Stage two happened the next morning when I came into the classroom with my own responses to those same questions, plus a first draft of a poem using some of what I thought were the best ideas I had had. We talked about how a poem might sound [not having to rhyme] and how it may look in terms of structure, in lines and verses. Then Year 5 had a go at editing and redrafting their first ideas.
‘look in the place where the waste goes
A rancid rainbow of rubbish’
and
‘I enter the belly of the beast
Where it stores its midnight feast’
and
‘Light for a second
And an avalanche of rubbish rushes toward me’.
I was certain then that we were going to have some brilliant ‘rubbish’ poems to share with parents, where performing your writing is often the third stage of the process. Talking to the class before parents arrived, we discussed what they had learned from the sessions so far; they felt that they had grown in confidence in their writing and also in their understanding of how a poem works.
The proof came in their delivery to the dozen or so parents who were able to attend the last session.
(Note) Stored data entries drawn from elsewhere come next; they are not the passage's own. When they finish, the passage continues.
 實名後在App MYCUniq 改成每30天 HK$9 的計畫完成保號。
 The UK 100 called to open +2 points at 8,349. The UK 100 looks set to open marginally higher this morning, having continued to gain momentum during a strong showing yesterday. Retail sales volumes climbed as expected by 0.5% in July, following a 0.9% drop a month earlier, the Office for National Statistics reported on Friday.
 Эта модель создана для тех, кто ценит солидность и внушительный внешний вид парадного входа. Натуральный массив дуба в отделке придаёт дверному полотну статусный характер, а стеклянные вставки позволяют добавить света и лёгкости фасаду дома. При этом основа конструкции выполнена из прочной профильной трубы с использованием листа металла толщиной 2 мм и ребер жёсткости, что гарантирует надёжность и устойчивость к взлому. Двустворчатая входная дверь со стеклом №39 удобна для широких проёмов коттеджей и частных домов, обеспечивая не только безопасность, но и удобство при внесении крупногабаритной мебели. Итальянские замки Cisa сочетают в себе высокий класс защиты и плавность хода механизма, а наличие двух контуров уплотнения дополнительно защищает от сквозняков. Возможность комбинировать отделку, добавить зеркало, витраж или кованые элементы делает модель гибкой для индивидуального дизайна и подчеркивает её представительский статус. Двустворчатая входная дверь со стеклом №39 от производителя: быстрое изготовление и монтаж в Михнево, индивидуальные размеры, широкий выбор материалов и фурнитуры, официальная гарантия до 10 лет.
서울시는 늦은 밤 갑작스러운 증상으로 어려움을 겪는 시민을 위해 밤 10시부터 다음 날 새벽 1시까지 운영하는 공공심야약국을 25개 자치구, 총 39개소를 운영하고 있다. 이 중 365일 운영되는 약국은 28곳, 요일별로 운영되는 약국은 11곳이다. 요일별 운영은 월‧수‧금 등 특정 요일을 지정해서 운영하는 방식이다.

The room was attentive and respectful as many of the young people shared their work. It ranged from one brilliant example of terza rima to equally brilliant free verse.
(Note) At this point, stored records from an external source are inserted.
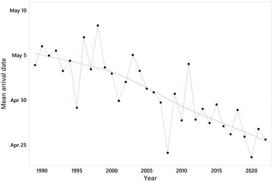 Mean first arrival date over 31 species for each of the years 1989–2022. LOWESS trend line superimposed.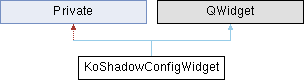 Inheritance diagram for KoShadowConfigWidget:Public Slots | |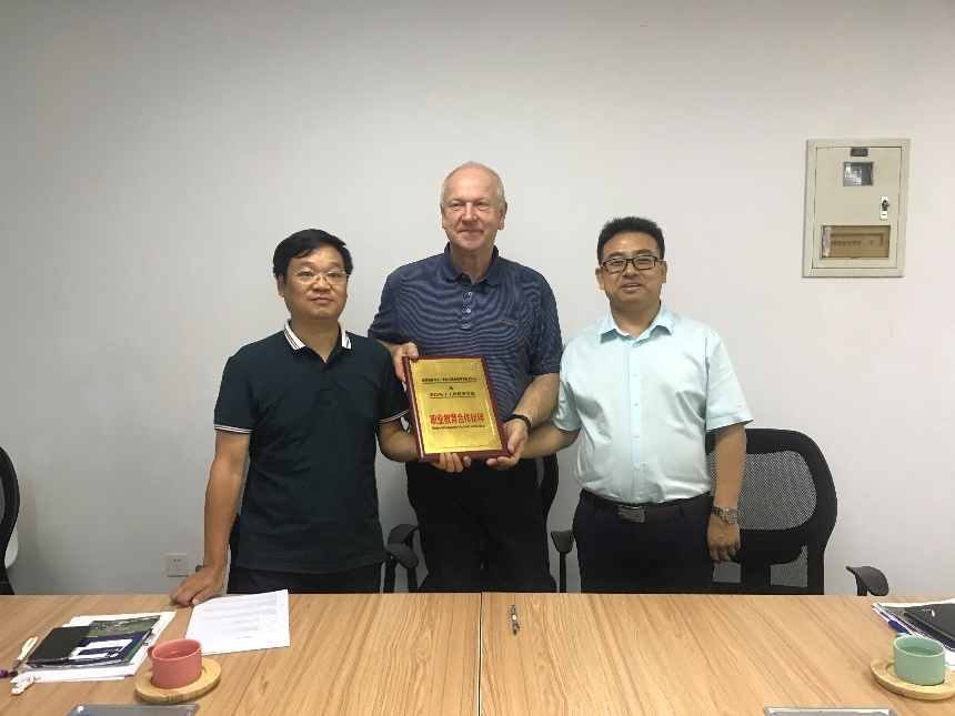 2018年5月24日,我校智能制造与汽车学院张进春院长带队赴北京与德国南图林根州手工业协会副会长Olaf Hollandt签署了智能制造技术与汽车技术师资联合培养协议,并授职业教育合作伙伴铜牌。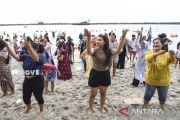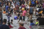 Pengunjung bermain pasir di kawasan pantai Ancol, Jakarta, Minggu (23/4/2023). Menurut data dari PT Pembangunan Jaya Ancol Tbk, pada hari kedua Idul Fitri 1444 Hijriyah jumlah kunjungan wisatawan ke objek wisata itu mencapai 97 ribu orang hingga pukul 18.00 WIB. ANTARA FOTO/M Risyal Hidayat/aww.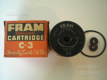Filtro olio d'epoca Fram/Carello cod. C 3, in imballo originale, adatto per auto anni '60 es. fiat 1100, porsche 912, ecc.
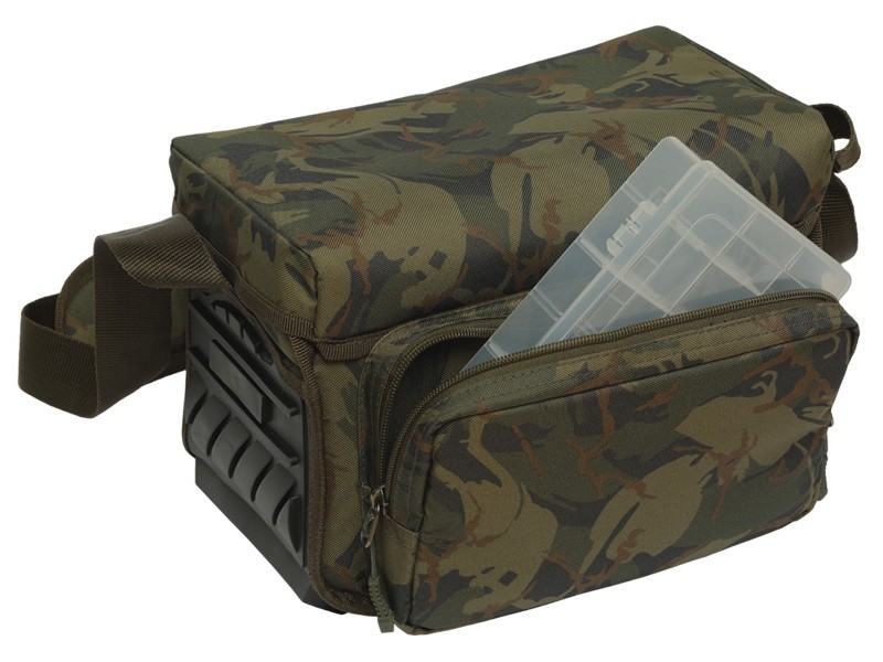 Vláčecí taška střední velikosti, která obsahuje tři větší a dvě menší krabičky na nástrahy.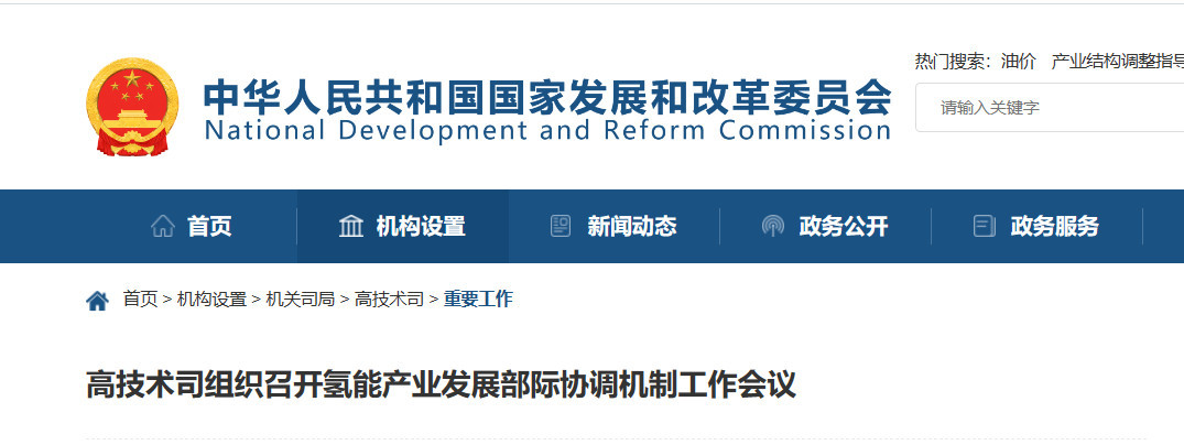 據發改委消息,4月12日,高技術司組織召開氫能產業發展部際協調機制工作會議,全面總結工作進展成效,研究部署下一步重點任務。

As parents said afterwards,
‘Such bravery for them to read out their work to the whole class and parents. Great that such a safe environment has been created for then to do this’.
and
‘Great use of imagination. Love how that creativity has combined with the project on recycling'
and
‘Fantastic exercise for confidence building’.
Year 5 were a credit to themselves, their parents and to their school. As class teacher Joanne Parker said, 'It just gets better and better! Such a creative experience will live with them.'
Sally Bavage writes:
As always, Headingley LitFest are very grateful for the undimmed support of the local councillors on the Outer Community Committee who funded this project. They have supported this work for over a decade, showing great commitment to the development of confidence and resilience in young people from this area.
I was very grateful for the report written by James Nash himself as I was unfortunately unable to attend the final assembly. They are always such a delightful occasion, and it is so heart-warming to see joy and pleasure written on the faces of the young performers when they achieve pride in a public recognition of their skills as wordsmiths as well as conquering fears of public speaking.